The soluble guanylate cyclase activator BAY 58-2667 protects against morbidity and mortality in endotoxic shock by recoupling organ systems

Sepsis and septic shock are associated with high mortality rates and the majority of sepsis patients die due to complications of multiple organ failure (MOF). The cyclic GMP (cGMP) producing enzyme soluble guanylate cyclase (sGC) is crucially involved in the regulation of (micro)vascular homeostasis, cardiac function and, consequently, organ function. However, it can become inactivated when exposed to reactive oxygen species (ROS). The resulting heme-free sGC can be reactivated by the heme- and nitric oxide (NO)-independent sGC activator BAY 58-2667 (Cinaciguat).

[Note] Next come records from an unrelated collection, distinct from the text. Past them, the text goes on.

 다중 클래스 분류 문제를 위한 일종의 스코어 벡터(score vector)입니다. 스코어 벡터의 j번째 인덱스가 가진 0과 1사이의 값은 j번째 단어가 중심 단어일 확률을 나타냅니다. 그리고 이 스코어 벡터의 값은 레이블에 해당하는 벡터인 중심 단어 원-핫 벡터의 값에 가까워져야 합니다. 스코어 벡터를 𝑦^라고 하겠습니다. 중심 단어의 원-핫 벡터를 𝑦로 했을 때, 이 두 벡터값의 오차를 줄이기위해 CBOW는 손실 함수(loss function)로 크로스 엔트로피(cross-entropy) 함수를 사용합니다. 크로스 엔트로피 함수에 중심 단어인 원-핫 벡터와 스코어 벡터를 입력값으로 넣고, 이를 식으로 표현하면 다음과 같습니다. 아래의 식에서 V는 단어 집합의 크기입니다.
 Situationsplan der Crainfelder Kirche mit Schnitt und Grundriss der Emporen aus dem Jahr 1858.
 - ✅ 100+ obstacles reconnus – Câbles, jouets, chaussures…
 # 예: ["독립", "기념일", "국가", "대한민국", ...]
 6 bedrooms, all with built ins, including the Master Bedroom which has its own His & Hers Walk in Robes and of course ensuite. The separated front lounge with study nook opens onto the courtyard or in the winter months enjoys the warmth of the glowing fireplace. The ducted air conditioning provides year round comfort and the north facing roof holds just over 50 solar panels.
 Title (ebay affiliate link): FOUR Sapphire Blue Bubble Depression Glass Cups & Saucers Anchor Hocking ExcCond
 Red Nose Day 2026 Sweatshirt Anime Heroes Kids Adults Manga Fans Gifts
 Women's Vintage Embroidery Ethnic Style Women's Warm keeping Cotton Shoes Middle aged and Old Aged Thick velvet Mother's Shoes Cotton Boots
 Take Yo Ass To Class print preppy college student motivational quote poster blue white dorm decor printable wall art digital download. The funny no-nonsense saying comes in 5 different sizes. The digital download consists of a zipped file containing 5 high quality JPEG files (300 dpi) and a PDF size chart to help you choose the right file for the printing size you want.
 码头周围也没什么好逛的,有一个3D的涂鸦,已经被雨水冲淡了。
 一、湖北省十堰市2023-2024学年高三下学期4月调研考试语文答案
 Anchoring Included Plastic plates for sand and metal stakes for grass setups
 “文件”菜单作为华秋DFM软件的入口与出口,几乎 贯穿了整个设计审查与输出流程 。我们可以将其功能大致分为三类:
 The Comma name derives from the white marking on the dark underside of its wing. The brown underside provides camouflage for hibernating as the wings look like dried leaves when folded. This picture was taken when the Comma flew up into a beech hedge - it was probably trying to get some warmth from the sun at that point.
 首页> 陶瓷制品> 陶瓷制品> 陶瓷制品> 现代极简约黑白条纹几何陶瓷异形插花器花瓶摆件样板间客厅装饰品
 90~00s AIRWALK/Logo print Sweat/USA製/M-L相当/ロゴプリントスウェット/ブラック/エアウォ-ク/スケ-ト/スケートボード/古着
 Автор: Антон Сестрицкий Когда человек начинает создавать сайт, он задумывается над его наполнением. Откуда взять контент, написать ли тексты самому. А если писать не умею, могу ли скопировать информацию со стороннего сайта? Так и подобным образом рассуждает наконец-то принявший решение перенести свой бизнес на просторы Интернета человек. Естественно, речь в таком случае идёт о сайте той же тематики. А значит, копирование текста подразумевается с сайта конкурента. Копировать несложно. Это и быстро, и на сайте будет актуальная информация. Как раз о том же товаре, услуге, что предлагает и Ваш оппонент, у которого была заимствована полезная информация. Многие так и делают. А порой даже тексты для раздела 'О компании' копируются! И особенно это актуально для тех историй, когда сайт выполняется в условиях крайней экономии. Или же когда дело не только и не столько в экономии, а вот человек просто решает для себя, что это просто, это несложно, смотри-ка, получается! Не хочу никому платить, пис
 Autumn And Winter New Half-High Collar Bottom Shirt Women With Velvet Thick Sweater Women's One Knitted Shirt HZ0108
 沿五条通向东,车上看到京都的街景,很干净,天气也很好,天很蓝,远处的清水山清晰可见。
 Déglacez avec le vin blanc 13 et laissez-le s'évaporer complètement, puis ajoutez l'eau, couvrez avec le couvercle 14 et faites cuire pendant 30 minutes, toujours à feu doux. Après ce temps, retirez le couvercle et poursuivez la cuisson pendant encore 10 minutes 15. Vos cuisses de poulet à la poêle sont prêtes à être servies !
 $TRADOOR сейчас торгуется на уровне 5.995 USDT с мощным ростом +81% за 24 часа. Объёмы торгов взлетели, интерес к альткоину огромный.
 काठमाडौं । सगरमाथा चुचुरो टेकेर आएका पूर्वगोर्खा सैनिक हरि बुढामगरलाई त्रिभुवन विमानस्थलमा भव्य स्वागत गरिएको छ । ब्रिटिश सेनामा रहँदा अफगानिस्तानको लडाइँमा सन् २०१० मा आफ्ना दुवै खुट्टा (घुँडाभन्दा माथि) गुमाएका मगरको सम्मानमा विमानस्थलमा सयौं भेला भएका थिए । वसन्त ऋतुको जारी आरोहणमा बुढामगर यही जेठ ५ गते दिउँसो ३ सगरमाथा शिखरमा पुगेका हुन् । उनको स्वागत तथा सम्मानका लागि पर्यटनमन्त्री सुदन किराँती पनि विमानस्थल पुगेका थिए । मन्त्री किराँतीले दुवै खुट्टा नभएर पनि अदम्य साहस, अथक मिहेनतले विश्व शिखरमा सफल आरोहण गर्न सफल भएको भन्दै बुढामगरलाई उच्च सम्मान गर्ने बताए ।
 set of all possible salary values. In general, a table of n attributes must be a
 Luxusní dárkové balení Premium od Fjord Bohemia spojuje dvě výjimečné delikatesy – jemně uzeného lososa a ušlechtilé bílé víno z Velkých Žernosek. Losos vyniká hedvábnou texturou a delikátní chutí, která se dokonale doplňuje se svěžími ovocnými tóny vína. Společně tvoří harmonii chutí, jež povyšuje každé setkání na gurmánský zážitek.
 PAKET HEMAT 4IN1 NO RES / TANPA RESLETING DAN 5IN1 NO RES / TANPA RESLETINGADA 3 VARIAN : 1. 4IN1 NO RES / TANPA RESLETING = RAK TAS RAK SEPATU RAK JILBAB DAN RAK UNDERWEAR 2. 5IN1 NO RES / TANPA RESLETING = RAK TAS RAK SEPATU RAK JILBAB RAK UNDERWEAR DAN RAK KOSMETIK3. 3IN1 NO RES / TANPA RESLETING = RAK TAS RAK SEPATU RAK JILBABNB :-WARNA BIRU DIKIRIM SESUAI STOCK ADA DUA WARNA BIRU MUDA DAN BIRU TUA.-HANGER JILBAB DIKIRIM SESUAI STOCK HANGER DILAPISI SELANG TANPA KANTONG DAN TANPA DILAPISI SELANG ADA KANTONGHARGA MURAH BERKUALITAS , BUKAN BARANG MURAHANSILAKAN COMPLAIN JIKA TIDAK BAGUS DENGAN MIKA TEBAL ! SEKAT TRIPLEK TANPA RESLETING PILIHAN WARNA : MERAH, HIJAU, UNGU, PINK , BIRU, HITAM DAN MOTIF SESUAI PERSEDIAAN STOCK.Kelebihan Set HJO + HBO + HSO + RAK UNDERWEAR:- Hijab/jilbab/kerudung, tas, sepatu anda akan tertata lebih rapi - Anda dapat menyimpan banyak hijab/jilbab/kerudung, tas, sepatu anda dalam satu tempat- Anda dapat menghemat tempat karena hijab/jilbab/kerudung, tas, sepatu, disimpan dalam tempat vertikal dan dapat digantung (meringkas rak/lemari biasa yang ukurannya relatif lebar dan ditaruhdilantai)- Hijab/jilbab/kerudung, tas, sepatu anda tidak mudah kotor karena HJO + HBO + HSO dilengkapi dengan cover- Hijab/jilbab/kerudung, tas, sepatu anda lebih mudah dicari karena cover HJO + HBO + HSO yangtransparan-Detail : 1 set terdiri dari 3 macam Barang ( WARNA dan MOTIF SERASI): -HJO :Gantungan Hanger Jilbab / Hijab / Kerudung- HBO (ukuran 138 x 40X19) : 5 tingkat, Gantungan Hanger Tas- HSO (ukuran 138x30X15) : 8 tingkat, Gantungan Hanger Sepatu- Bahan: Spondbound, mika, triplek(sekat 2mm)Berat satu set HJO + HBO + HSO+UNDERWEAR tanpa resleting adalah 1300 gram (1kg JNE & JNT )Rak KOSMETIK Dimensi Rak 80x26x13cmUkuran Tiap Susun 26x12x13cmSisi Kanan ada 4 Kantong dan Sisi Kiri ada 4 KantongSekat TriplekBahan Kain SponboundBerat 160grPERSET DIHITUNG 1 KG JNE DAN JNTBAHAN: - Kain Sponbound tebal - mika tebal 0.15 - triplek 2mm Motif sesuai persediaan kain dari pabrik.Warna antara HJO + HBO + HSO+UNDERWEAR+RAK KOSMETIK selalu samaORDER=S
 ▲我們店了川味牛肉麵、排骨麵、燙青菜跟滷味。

We report that late (+8h) post-treatment with BAY 58-2667 in a mouse model can protect against lethal endotoxic shock. Protection was associated with reduced hypothermia, circulating IL-6 levels, cardiomyocyte apoptosis, and mortality. In contrast to the beneficial effect of BAY 58-2667, the sGC stimulator BAY 41-2272 and the phosphodiesterase 5 inhibitor Sildenafil did not have any beneficial effect on survival, emphasizing the importance of the selectivity of BAY 58-2667 for diseased vessels and tissues. Hemodynamic parameters (blood pressure and heart rate) were decreased, and linear and nonlinear indices of blood pressure variability, reflective for (un)coupling of the communication between the autonomic nervous system and the heart, were improved after late protective treatment with BAY 58-2667.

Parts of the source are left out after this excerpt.